The major problem would be, that not everyone has a working .eep file from Intel available after his own card is trashed. My suggestion would be to look for a friend who has exactly the same card. This can be achieved by using lspci:
[root@selene ~]# lspci | grep Ethernet
01:01.0 Ethernet controller: Intel Corporation 82547EI Gigabit Ethernet Controller
03:02.0 Ethernet controller: Intel Corporation 82541GI Gigabit Ethernet Controller
[root@selene ~]# lspci -n | grep '01:01\.0'
01:01.0 0200: 8086:1019
[root@selene ~]#
If a friend has the same network card as indicated by the Vendor and Device ID (8086 == Intel, 1019 == 82547EI Gigabit Ethernet Controller in my example) he should be able to take eeprom dump by calling ethtool -e [device] > /tmp/eeprom-[device].dump.:
[root@selene ~]# ethtool -e eth0 | head -n 8
Offset Values
------ ------
0x0000 00 e0 81 55 f2 00 10 0a ff ff ff ff ff ff ff ff
0x0010 ff ff ff ff 0b 64 19 10 86 80 19 10 86 80 00 b2
0x0020 35 1f 2a 00 00 0e 12 00 00 0e dd 20 77 77 95 1f
0x0030 01 00 73 1f 98 00 72 1f b0 3f 09 00 00 12 49 36
0x0040 cf 00 a7 8f 0e 29 05 03 c8 0c ff ff ff ff ff ff
0x0050 ff ff ff ff ff ff ff ff ff ff ff ff ff ff 02 06
[root@selene ~]#
This dump file can then be written into your own nvram by an easier procedure then described above. After all, no endianness swapping is necessary as ethtool already returned the data correctly. A bit of reformatting of the import is necessary however but can be accomplished in a simple bash script:
span style="color: #ff0000;">"\n"
This script, which can be written as one single line, will remove the header and other superfluous data from the dumpfile, leaving only the values itself which are then echoed to STDOUT in the form of an ethtool command.

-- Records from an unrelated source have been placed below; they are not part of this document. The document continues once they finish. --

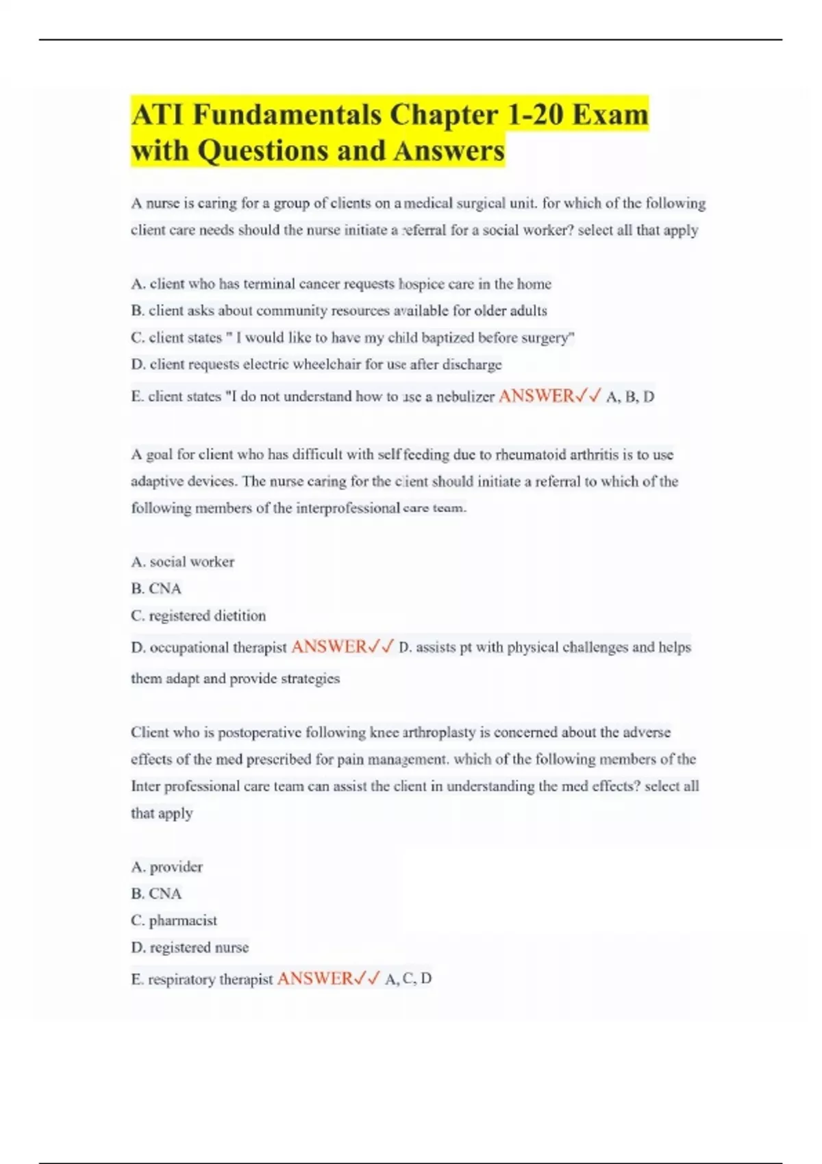 ATI Fundamentals Chapter 1-20 Exam with Questions and Answers A nurse is caring for a group of clients on a medical surgical unit. for which of the following client care needs should the nurse initiate a referral for a social worker? select all that apply A. client who has terminal cancer requests hospice care in the home B. client asks about community resources available for older adults C. client states " I would like to have my child baptized before surgery" D. client requests electric wheelchair for use after discharge E. client states "I do not understand how to use a nebulizer ANSWER A, B, D A goal for client who has difficult with self feeding due to rheumatoid arthritis is to use adaptive devices. The nurse caring for the client should initiate a referral to which of the following members of the interprofessional care team. A. social worker B. CNA C. registered dietition D. occupational therapist ANSWER D. assists pt with physical challenges and helps them adapt and provide strategies Client who is postoperative following knee arthroplasty is concerned about the adverse effects of the med prescribed for pain management. which of the following members of the Inter professional care team can assist the client in understanding the med effects? select all that apply A. provider B. CNA C. pharmacist D. registered nurse E. respiratory therapist ANSWER A, C, D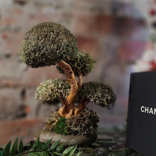 Исландский мох, Мох живой + дерево искусственное интерьерное / Подарок директору, бонсай, декор для дома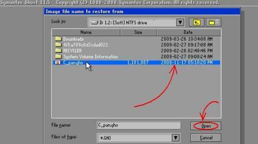 4、单击“某文件夹”(如备份文件存放在“某文件夹”内)内的*.gho文件,或用下光标键选好以后再单击“Open”按钮。如镜像文件有多个,请看准文件的生成日期,通常最靠后的比较好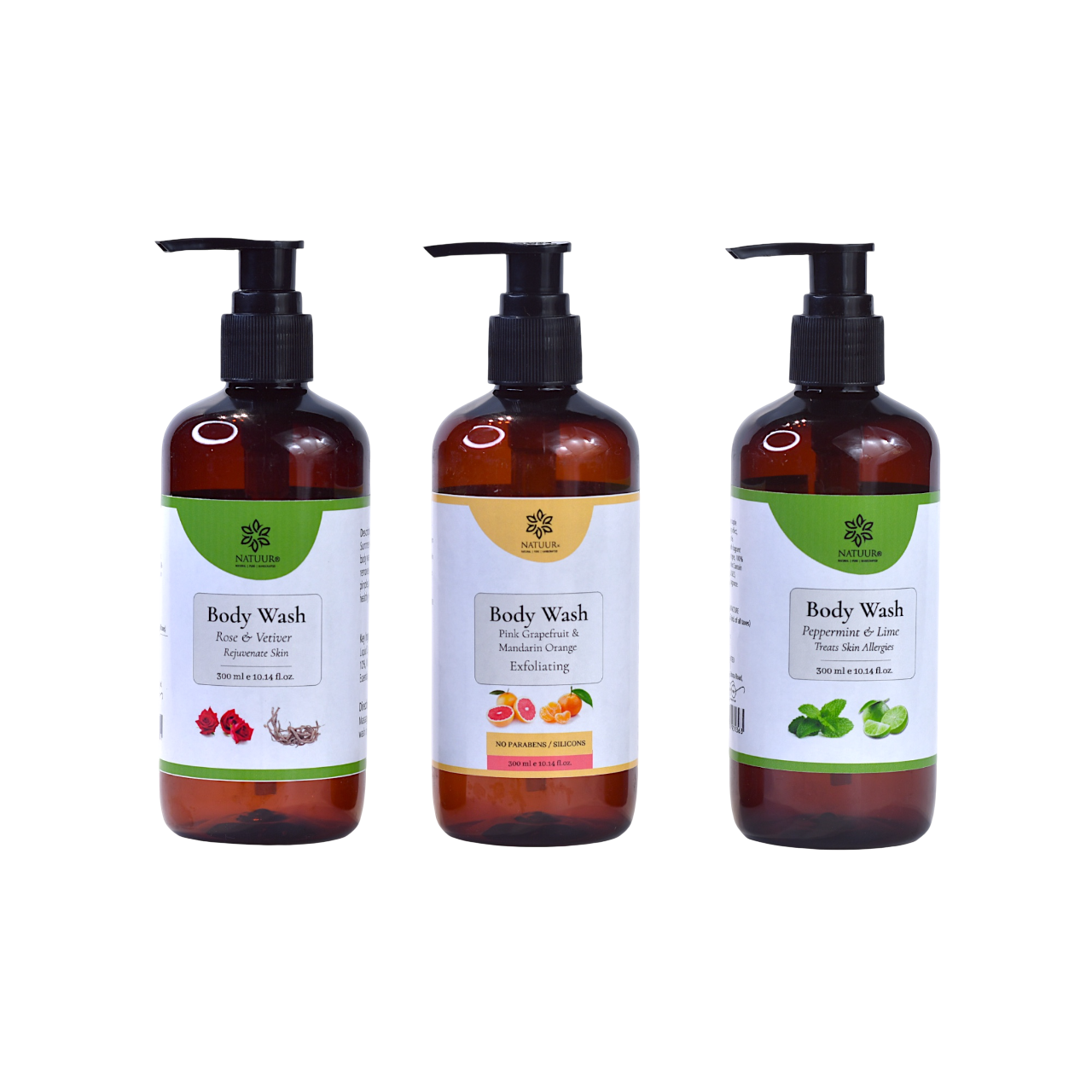 Introducing Natuur's Luxurious Body Wash Set, a trio of indulgent scents to elevate your bathing experience. Each 300ml bottle is a blend of natural ingredients, meticulously crafted to cleanse, nourish, and invigorate your skin. Immerse yourself in the captivating aroma of Rose Vetiver, a floral symphony that soothes and rejuvenates. Energize your senses with the vibrant fusion of Grapefruit Mandarin, leaving you feeling refreshed and revitalized. Or, embrace the cooling sensation of Peppermint Lime, perfect for awakening your senses and providing a burst of freshness. Transform your daily shower routine into a spa-like escape with this exquisite collection of body washes, designed to leave your skin feeling soft, smooth, and delicately fragrant.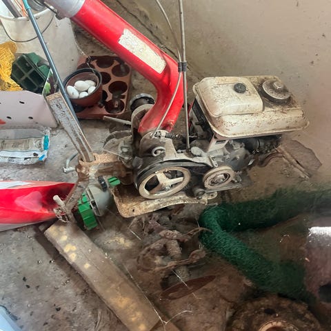 Alko havefræser med benzinmotor. Med aftageligt transporthjul. Velegnet til fræsning og løsnen af jord i havebede.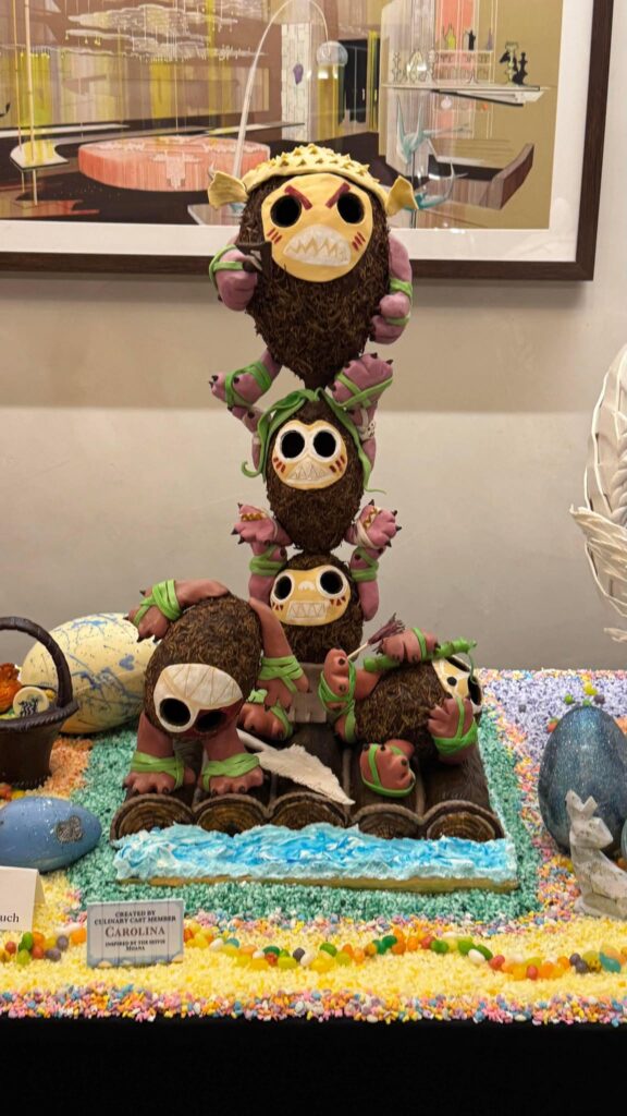- Kakamora (Inspired by “Moana”): Carolina’s impressive multi-tiered display features three stacked brown, textured eggs resembling the coconut-clad pirates, flanked by two more Kakamora. They sit upon a chocolate log raft amidst swirling chocolate waves. An unlabeled chocolate basket nearby holds a small chicken and a white token painted with the resort’s unique five-legged goat.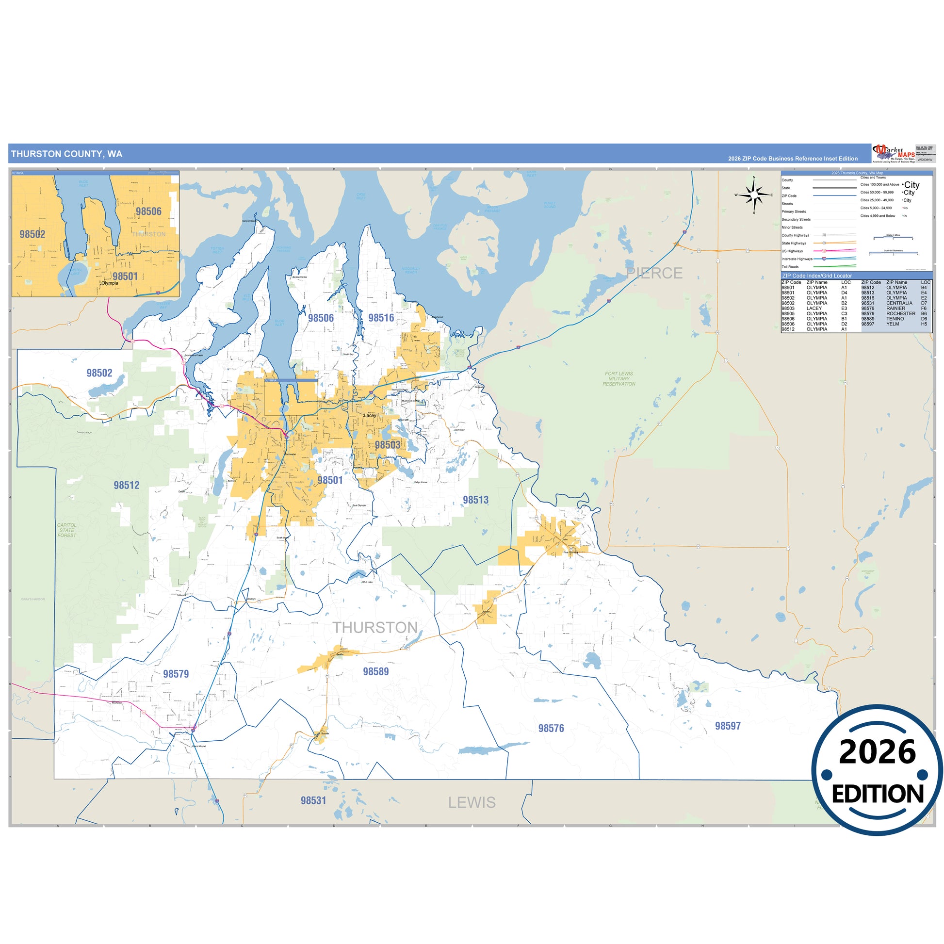 The Business Reference Style Thurston County, WA is a detailed map that includes all towns, cities, major roadways, and highways. Available in multiple wall map sizes, perfect for home, school, office, or business display.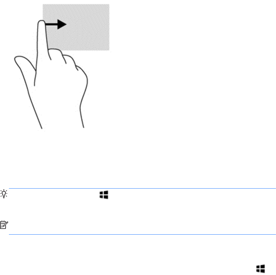 okraje zařízení TouchPad.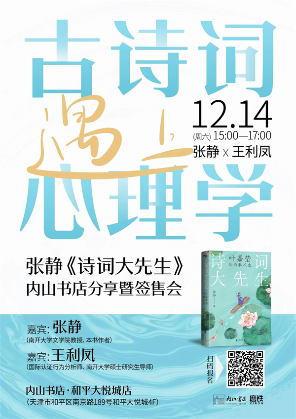 天津|古诗词遇上心理学——张静《诗词大先生》内山书店分享暨签售会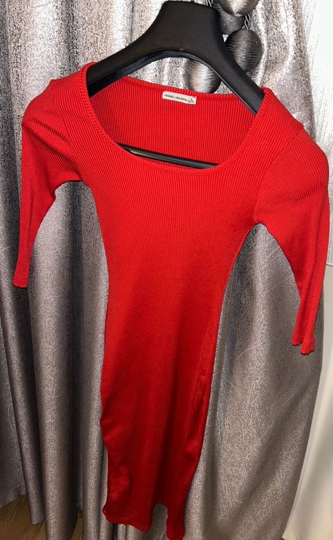 Kırmızı Triko Uzun Kollu Midi Elbise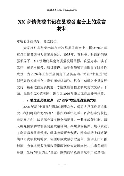 / 【七哥公文】2026年:XX乡镇党委书记在县委务虚会上的发言材料+更多免费公文+VX:QiGeGongWen2024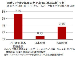 バイオ医薬品関連企業については、①有望な治療薬候補の良好な治験結果の発表、②大型の新薬の承認、③新薬販売開始後の業績寄与の拡大などを背景に、米国企業や日本企業よりも相対的に高い売上高の伸びが見込まれています。(図表7参照)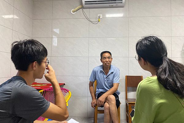罗立山正在接受调研组成员采访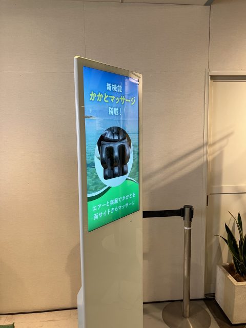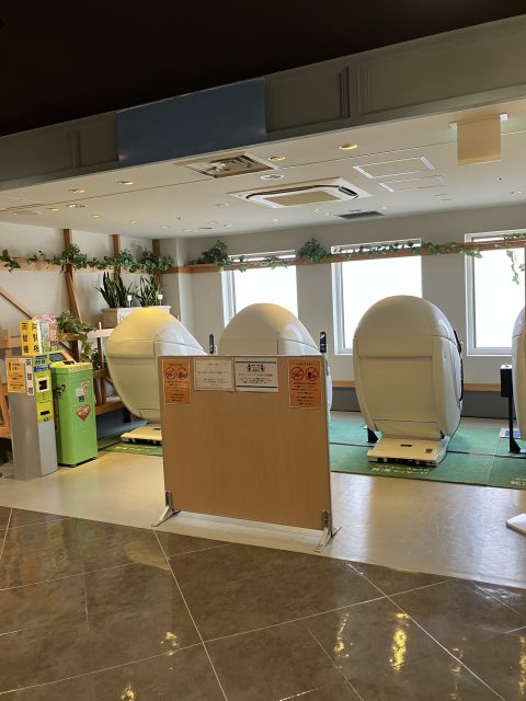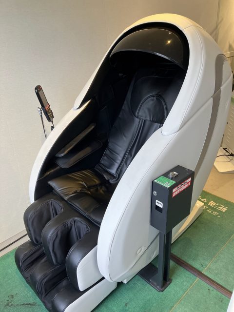 浅草観光で疲れた時におすすめ!マッサージチェア。東武浅草駅の7階、レストランフロアに4台稼働中です。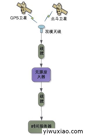 GPS/北斗双模天线接收GPS/北斗卫星的无线电信号,天线的信号强度为45db,经过50米-7的传输线缆,大概衰减22dB,目前就剩23db的信号强度,再经过低噪声放大器,使其信号再增强26db,就变成49db了,再经过50米 -7线缆的传输就剩27db信号强度。时间服务器的最佳接收强度是27db左右,这样的强度送给时间服务器是没问题的,完全符合接收机对信号强度的要求。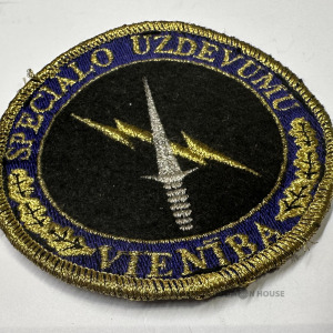 Speciālo uzdevumu vienības uzšuve, NBS, 2000-šie gadi, izšūta ar metāliskiem zelta diegiem, lielums 80 mm, mazlietota.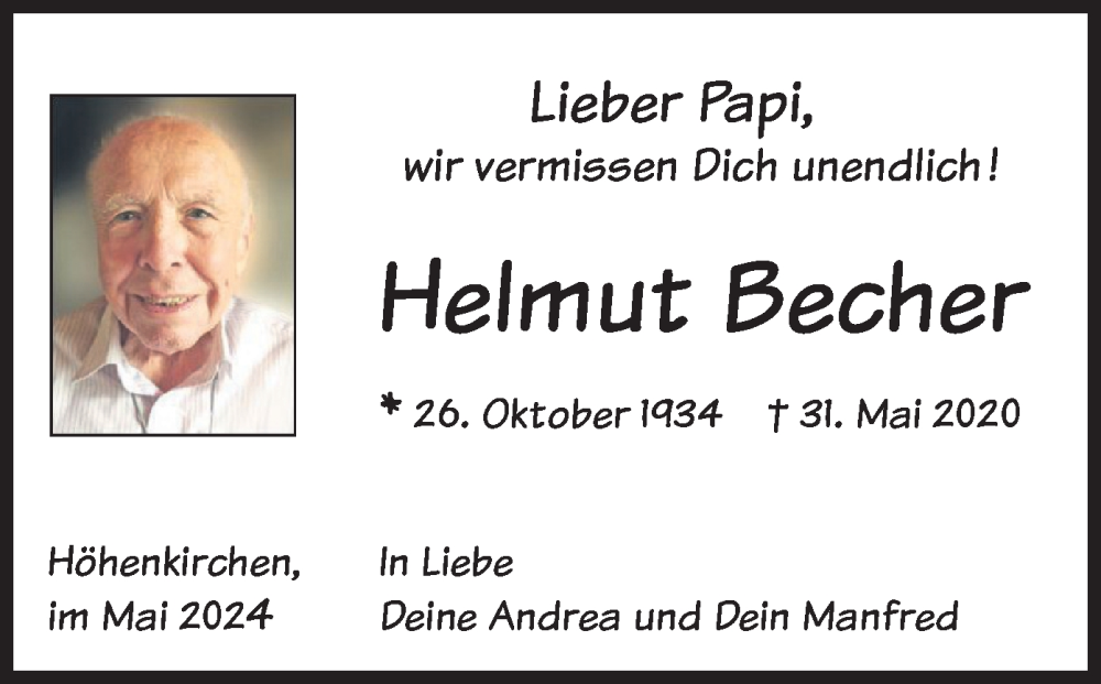 Hier finden Sie alle Traueranzeigen aus der Zeitung, die bisher für Helmut Becher erschienen sind. Weitere Traueranzeigen, die in der Zeitung erscheinen, werden hier ebenfalls aufgelistet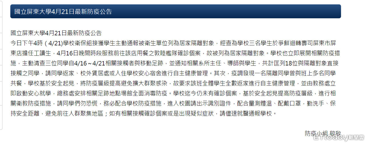 屏東大學表示,昨(21)日下午4時,學校衛保組接獲學生主動通報被衛生單位列為居家隔離對象,經查為學校3名學生於爭鮮迴轉壽司屏東市屏東店擔任工讀生,4月16日晚間時段服務前往該店用餐之敦睦艦隊確診個案,故被列為居家隔離對象。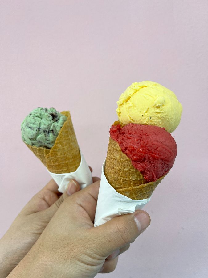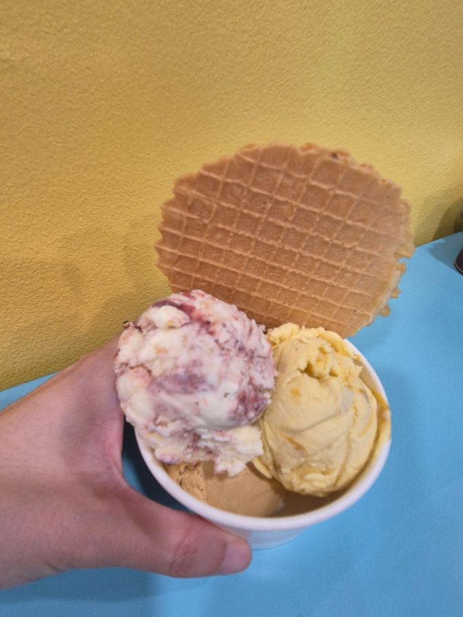 제가 주문한 크렘 브륄레와 땅콩버터 스쿱, 그리고 친구의 쿠키앤크림은 각각 컵과 콘에 담겨 나왔습니다. 2CRÊM의 콘은 직접 만든 수제 콘이라고 했는데, 그 바삭함과 고소함이 아이스크림의 맛을 한층 더 끌어올려 주었습니다. 막 구워낸 듯 따뜻한 기운이 살짝 남아있는 콘의 향이 차가운 아이스크림과 어우러져 환상의 조합을 이뤘습니다.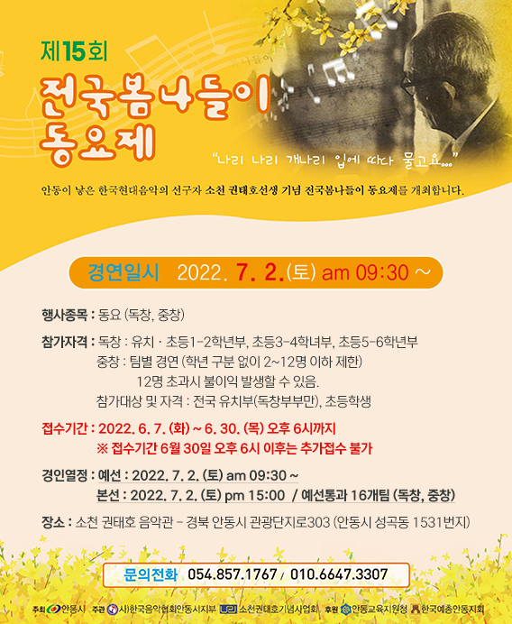 안동시가 주최하고 (사)한국음악협회안동지부에서 주관하는 ‘제15회 전국 봄나들이 동요제’가 오늘 7월 2일(토) 15시에 소천 권태호 음악관에서 열린다.

[root@selene ~]# magic=0x0; j=0; for i in `sed -e '1,2d' /tmp/eeprom-[device].dump | cut -c 9- |
tr -d "\n"`; do echo ethtool -E magic $magic offset 0x$(printf %x ${j}) value 0x${i}; j=$(($j + 1)); done | head -n 5
ethtool -E magic 0x0 offset 0x0 value 0x00
ethtool -E magic 0x0 offset 0x1 value 0xe0
ethtool -E magic 0x0 offset 0x2 value 0x81
ethtool -E magic 0x0 offset 0x3 value 0x55
ethtool -E magic 0x0 offset 0x4 value 0xf2
[root@selene ~]#
Piping this into a shell will restore your eeprom meaning only the mac address has to be reverted to the old one.
The correct working of the above bash line should be tested however, as the output of ethtool differs depending on the card and the driver.
Should the network interface not even be visible on the PCI bus anymore (possible due to the usage of the ibautil.exe tool mentioned on some webpages) reflashing the main bios might work for some systems. The flashrom utility from the coreboot project might come in handy for this.
Otherwise it might be necessary to rewrite the necessary part of the eeprom first through the SPI, a serial programming interface, in order to have it enumerate again on the pci bus.
Should this be the case, it might be easier to just return your mainboard for repair though.
Should you be willing however, to try your luck and certainly void any little bit of warranty you had left, Intel offers a nice manual explaining the firmware format of it's ICH8 system.